Top of Records

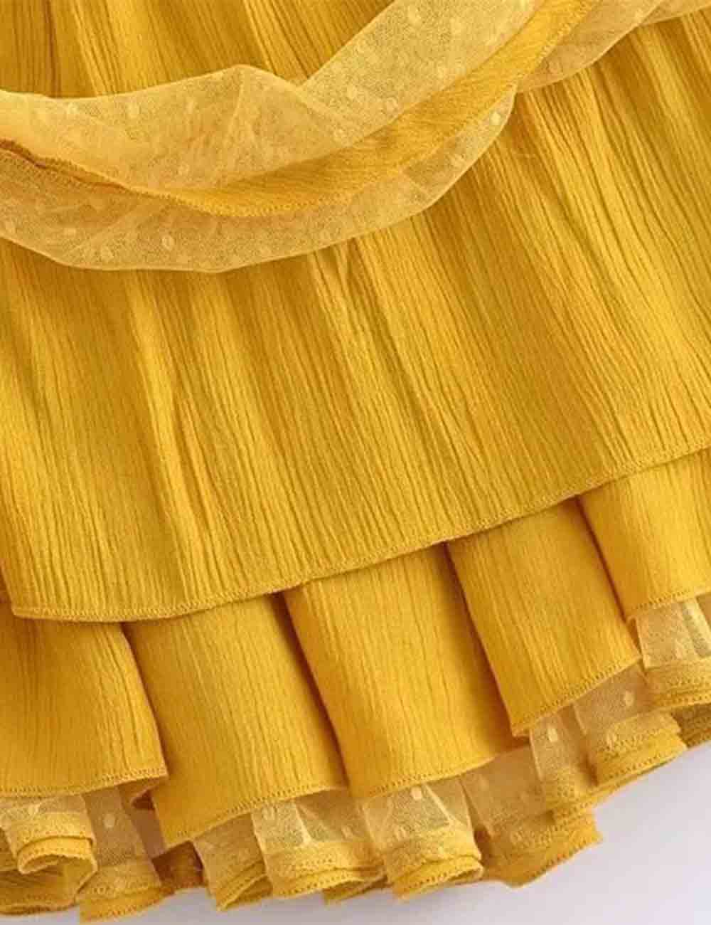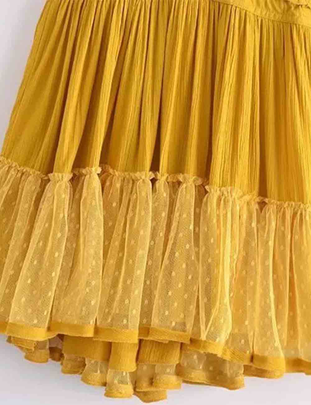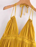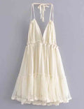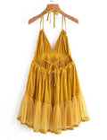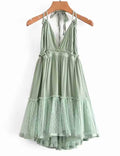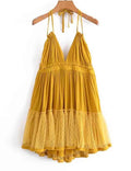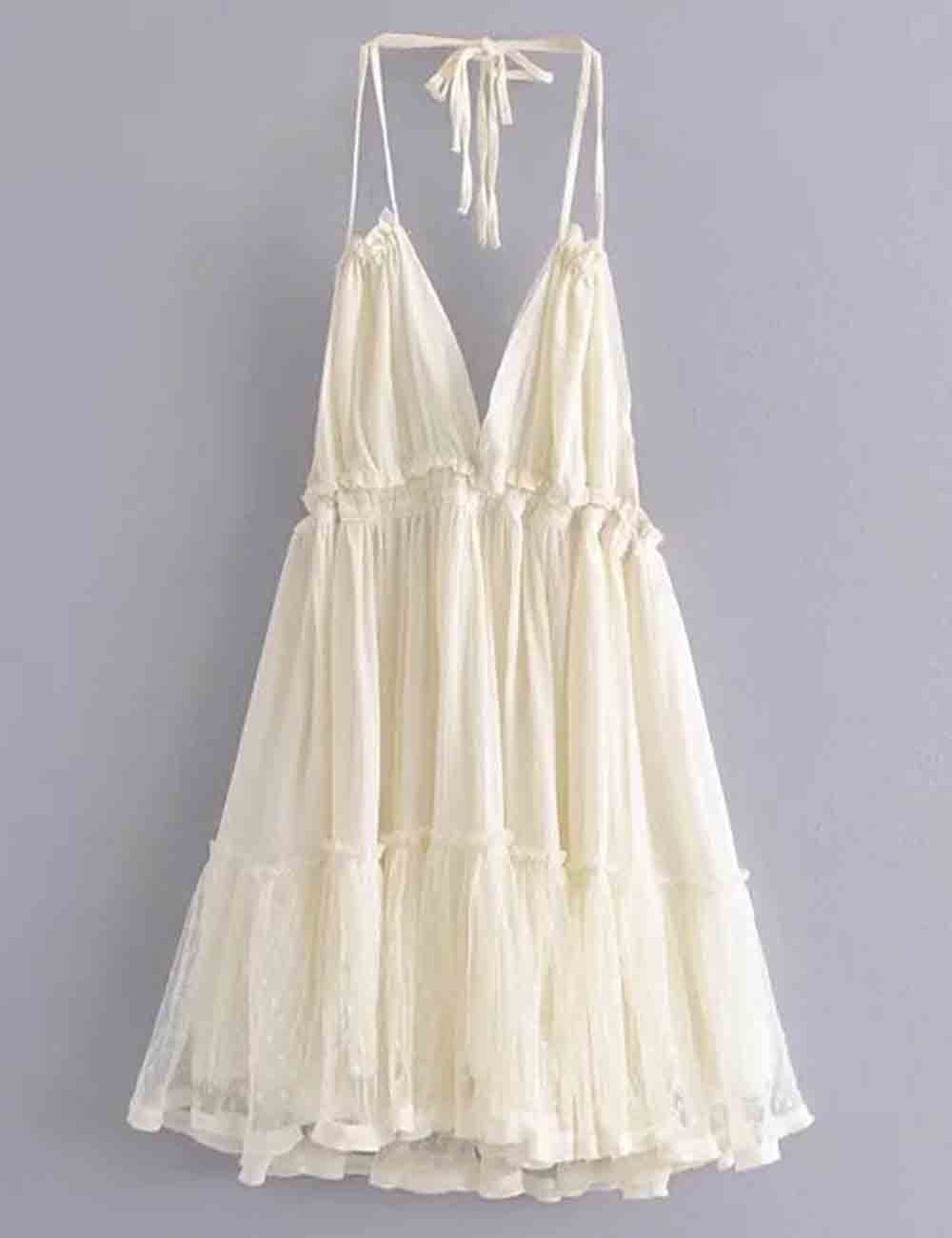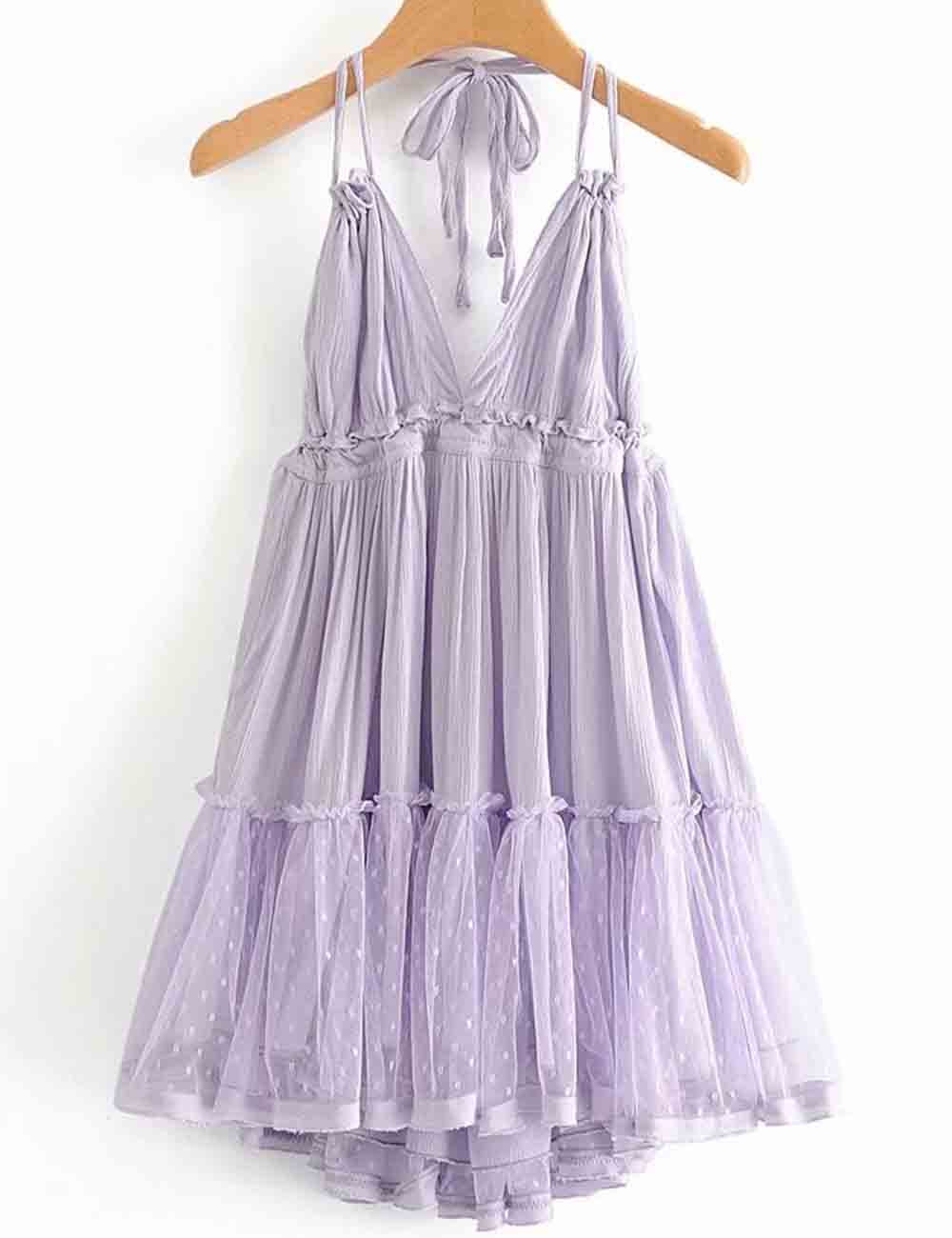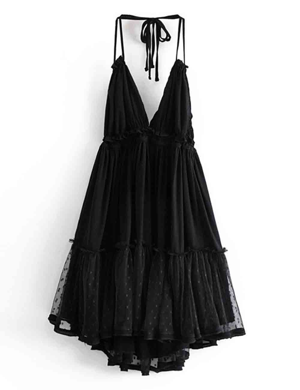 Ladies Solid Color V-Neck Mesh Dot Halter String Shoulder Mini Dress
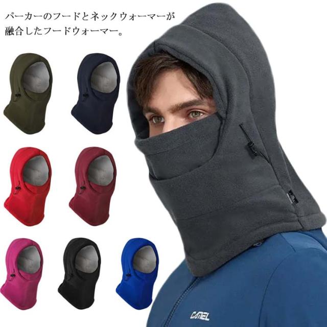 【送料無料】フードウォーマー 裏ボア フリース メンズ レディース 裏起毛 モコモコ 防寒 防風 秋冬 フェイスカバー スノーボードフードウォーマー 後付けフード スキー ウィンタースポーツ 厚手 無地 シンプル
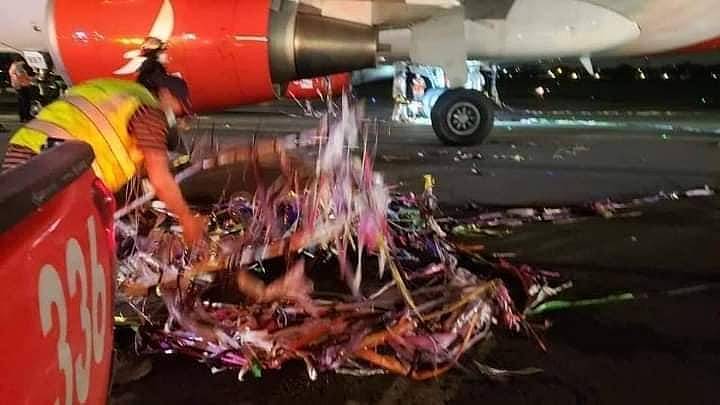 经机场消防队现场检查,所有乘客和机组人员状况良好。这架幸运的A319客机左右发动机、机翼、起落架、水平安定面均被气球残骸缠绕,
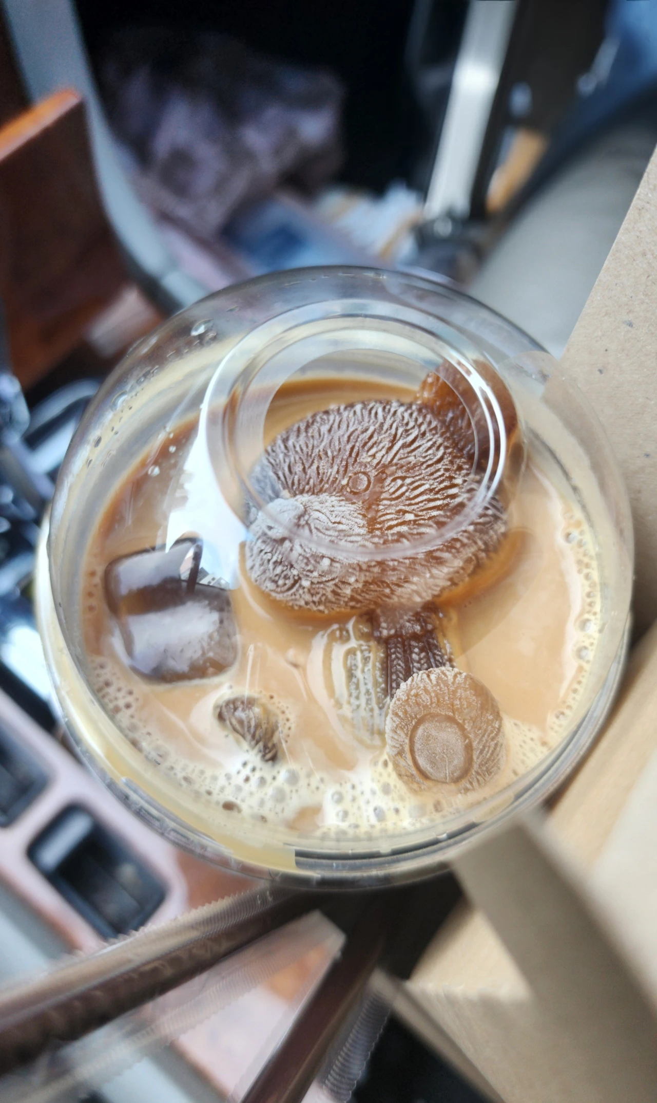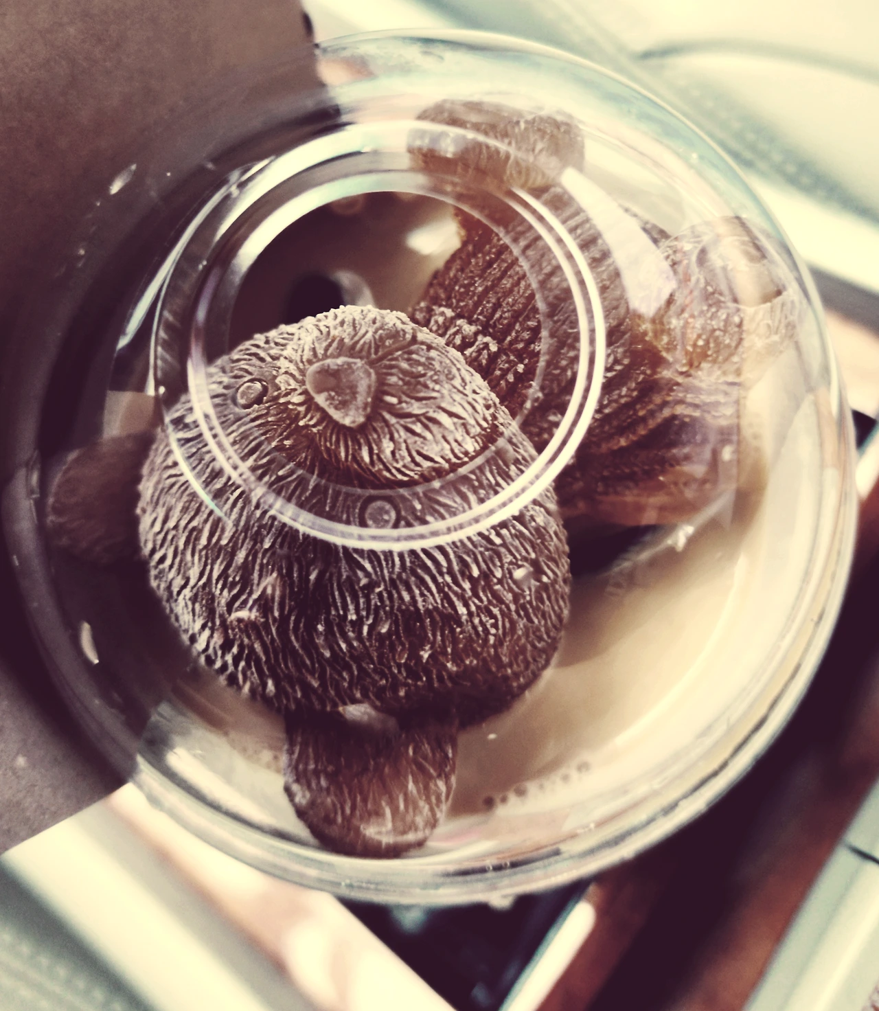 커피 속에 곰돌이 얼음이 너무 귀엽고 곰돌이가 살아있는 듯한 느낌 덕분인지 한동안 커피를 먹지 않고 대화했습니다. 진짜 새끼 곰돌이가 물 위에 누워있는 것 같았습니다. 대화하는동안 곰돌이가 천천히 커피 속으로 녹아들고 있었습니다.
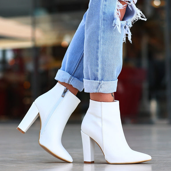 Scarpax Beyaz Cilt Topuklu Bot - 10 cm Topuklu, Yandan Fermuarlı, Şık Tasarım

Bottom of Records

__Exercise__. Restate word for word the lines that begin at the one containing "커피 속에 곰돌이 얼음이" and end with the final line of the records. Pictures stay out.

__Output below__.
 커피 속에 곰돌이 얼음이 너무 귀엽고 곰돌이가 살아있는 듯한 느낌 덕분인지 한동안 커피를 먹지 않고 대화했습니다. 진짜 새끼 곰돌이가 물 위에 누워있는 것 같았습니다. 대화하는동안 곰돌이가 천천히 커피 속으로 녹아들고 있었습니다.
 Scarpax Beyaz Cilt Topuklu Bot - 10 cm Topuklu, Yandan Fermuarlı, Şık Tasarım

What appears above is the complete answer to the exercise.